Nothing beats empirical data.
Transformer: Hammond 167L12
AC Line: 120VAC 60Hz
AC Secondary = 14.5VAC rms
Rectifiers: 4 x 1N4001
R = 1kΩ

C μF| t = RC s| Vrms | Vavg | ΔV
10 | 0.01|15.6|15.4|8
100|0.1|17.8|17.8|2
470|0.5|18.5|18.5|0.4
1000|1.0|18.6|18.6|0.2

 

Nothing beats empirical data.
Transformer: Hammond 167L12
AC Line: 120VAC 60Hz
AC Secondary = 14.5VAC rms
Rectifiers: 4 x 1N4001
R = 1kΩ

I added the calculated values for the average enclosed in parentheses:

C μF| t = RC s| Vrms | Vavg | ΔV
10 | 0.01|15.6|15.4 (14.64)|8
100|0.1|17.8|17.8 (18.43)|2
470|0.5|18.5|18.5 (19.03)|0.4
1000|1.0|18.6|18.6 (19.12) |0.2

Perhaps the difference is due to the diode peak current with larger cap values and/or cap tolerance.
Also, transformer winding resistance adds to the apparent diode resistance and thus more voltage drop, and so does any small leakage inductance especially if the two coils are wound side by side instead of one on top of the other.

 

Oh, I forgot about the large diode current.
I will have to look into that too.

 

Here is more data I have added.

C μF| t = RC s| Vrms | Vavg | ΔV | Vdiode | Ipeak mA| ton ms
10 | 0.01|15.6|15.4|8|0.7|80|3.3
100|0.1|17.8|17.8|2|0.78|95|2.3
470|0.5|18.5|18.5|0.4|0.8|135|1.6
1000|1.0|18.6|18.6|0.2|0.8|135|1.6

 

Here is more data I have added.

C μF| t = RC s| Vrms | Vavg | ΔV | Vdiode | Ipeak mA| ton ms
10 | 0.01|15.6|15.4|8|0.7|80|3.3
100|0.1|17.8|17.8|2|0.78|95|2.3
470|0.5|18.5|18.5|0.4|0.8|135|1.6
1000|1.0|18.6|18.6|0.2|0.8|135|1.6

Hi again,

Thanks for the added data.

Now when i subtract the extra diode drop from 19.12 volts i get 18.82 and your data for that C is 18.6 so that's pretty close now, maybe if we knew the primary and secondary resistance that would take care of the extra 0.2 volts.
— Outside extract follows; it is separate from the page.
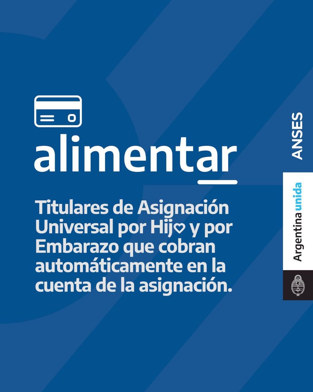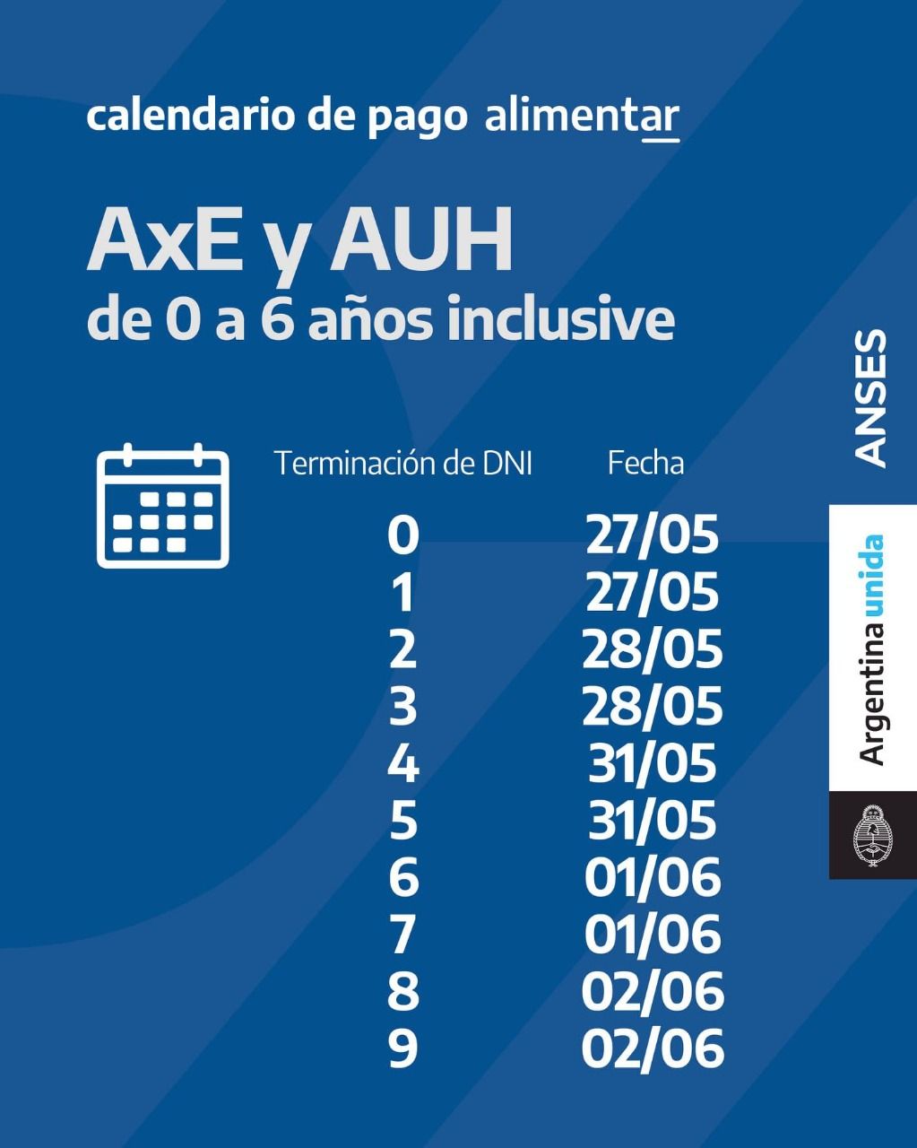 Anses abonará la Tarjeta Alimentar a beneficiaros de la AUH de 0 a 6 años y de 7 a 14 inclusive, que no tengan la tarjeta plástica según el siguiente calendario de pago. Se les acreditará en la misma cuenta que perciben la asignación.

Pretty close though huh.
So adding the diode model would be next, and with that i would see close to 0.8 too, and it actually comes out to 0.76 with the MicroCap model for the 1N4001 diode.

 

There are two interesting observations from this experiment.

1) Beyond a time-constant of 0.5s (ripple period is 8ms) the results remain the same.
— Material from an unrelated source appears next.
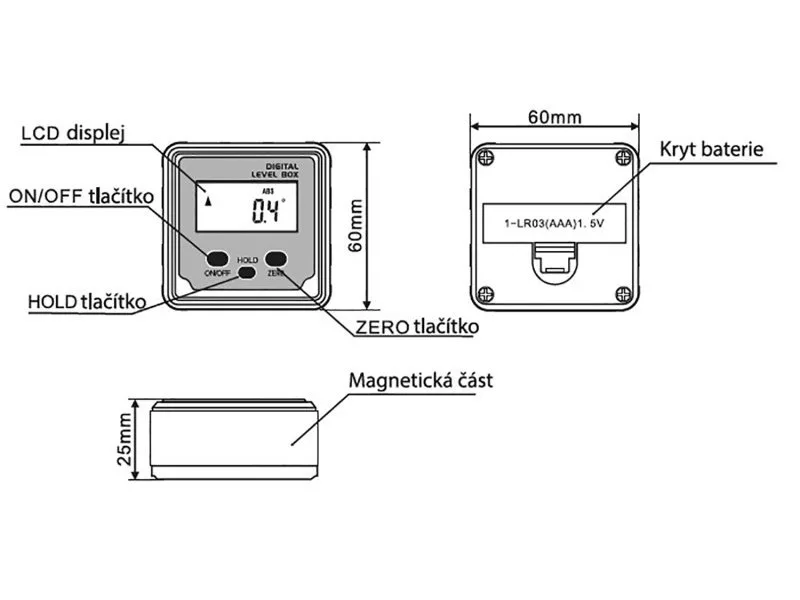 • kompaktný nástroj, ktorý nahrádza vodováhu, uholník, sklonomer

2) For long time constant the peak diode current is 7 times the average load current.

 

There are two interesting observations from this experiment.

1) Beyond a time-constant of 0.5s (ripple period is 8ms) the results remain the same.
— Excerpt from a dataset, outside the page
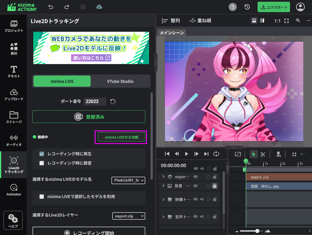 「nizima LIVE に接続」を無効化してないと「キャラ」が撮影内容と関係なく動き出す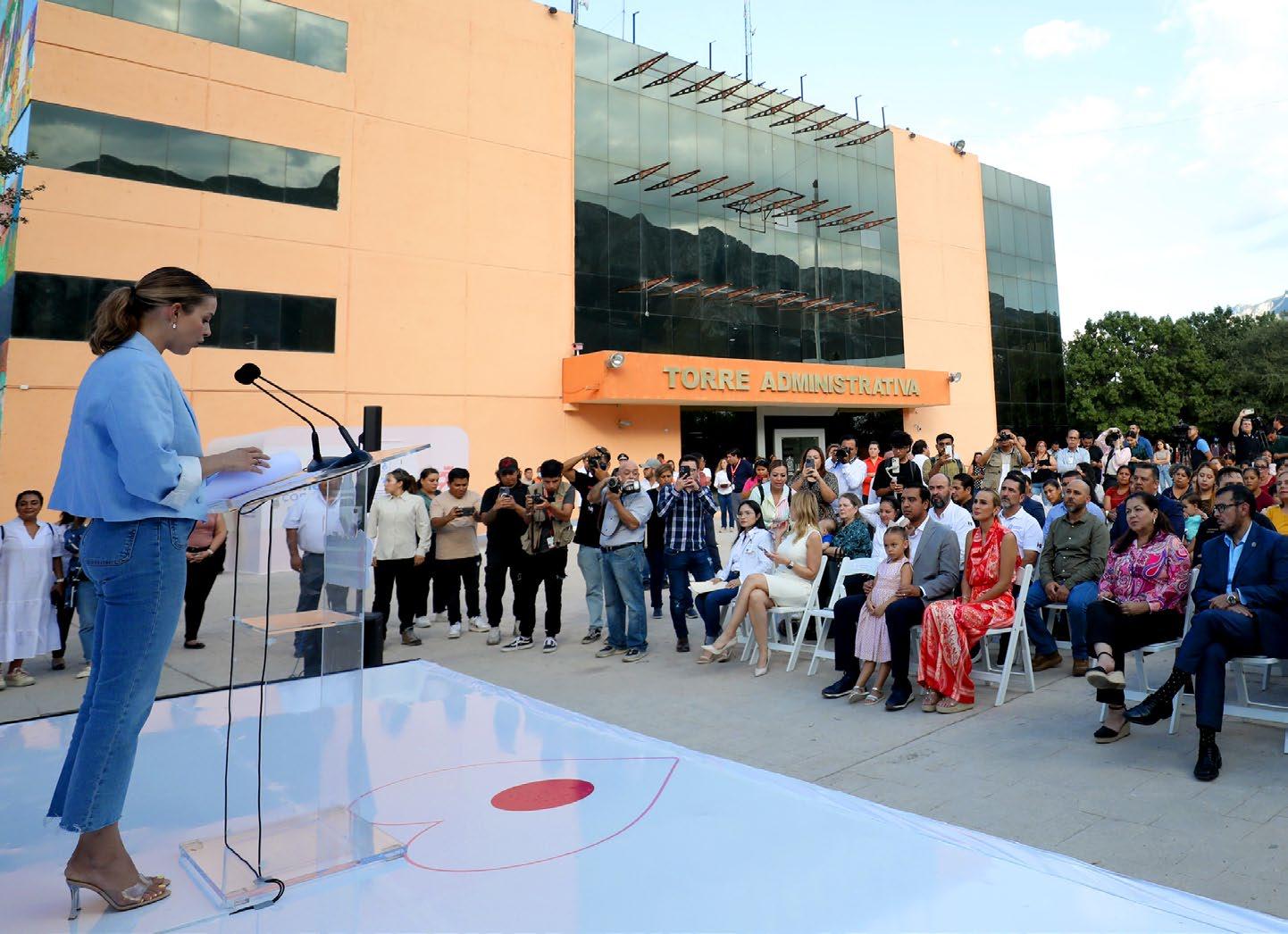 Mariana Rodríguez Cantú, titular de AMAR a Nuevo León, y Alma Rosa Marroquín Escamilla, Secretaria de Salud, realizaron el corte del listón junto a Jesús Nava Rivera y Paola Edith García de Nava, Alcalde y Presidenta del DIF Santa Catarina.

2) For long time constant the peak diode current is 7 times the average load current.

Hi,

Yeah and that peak diode current increase often goes unnoticed. As the cap gets larger the dynamic impedance gets lower so the peak current goes up.
Also for RC of 0.1 or greater the straight line approximation isnt that bad.

 

Hi MrAl,
That formula works pretty well.
Yes I agree this power supply is ordinary with regards to ripple voltages, however I believe this was the intention of the experiment to highlight the difference the cap alone has on the circuit.

Regards
Dan

 

Hi MrAl,
That formula works pretty well.
Yes I agree this power supply is ordinary with regards to ripple voltages, however I believe this was the intention of the experiment to highlight the difference the cap alone has on the circuit.

Regards
Dan

Hi,

So what did you get out of all of this with regard to the cap value?

 

Hi,

Just for the heck of it i went back and recalculated a few average values using the model for the 1N4001 diode.
The results are as follows.

RC=0.01, Vavg=14.59842737282718 (was 14.64 without diode model using constant 0.65 only)
RC=0.1, Vavg=18.36438720302801 (was 18.43 without diode model using constant 0.65 only)
RC=1.0, Vavg=19.04447464856828 (was 19.12 without diode model using constant 0.65 only)

This is where i used the average voltage value to determine the diode current which is also an approximation of the diode current and not as dynamic as it would be instantaneously. Doing it this way takes less iterations to get to a solution, about 10 or so.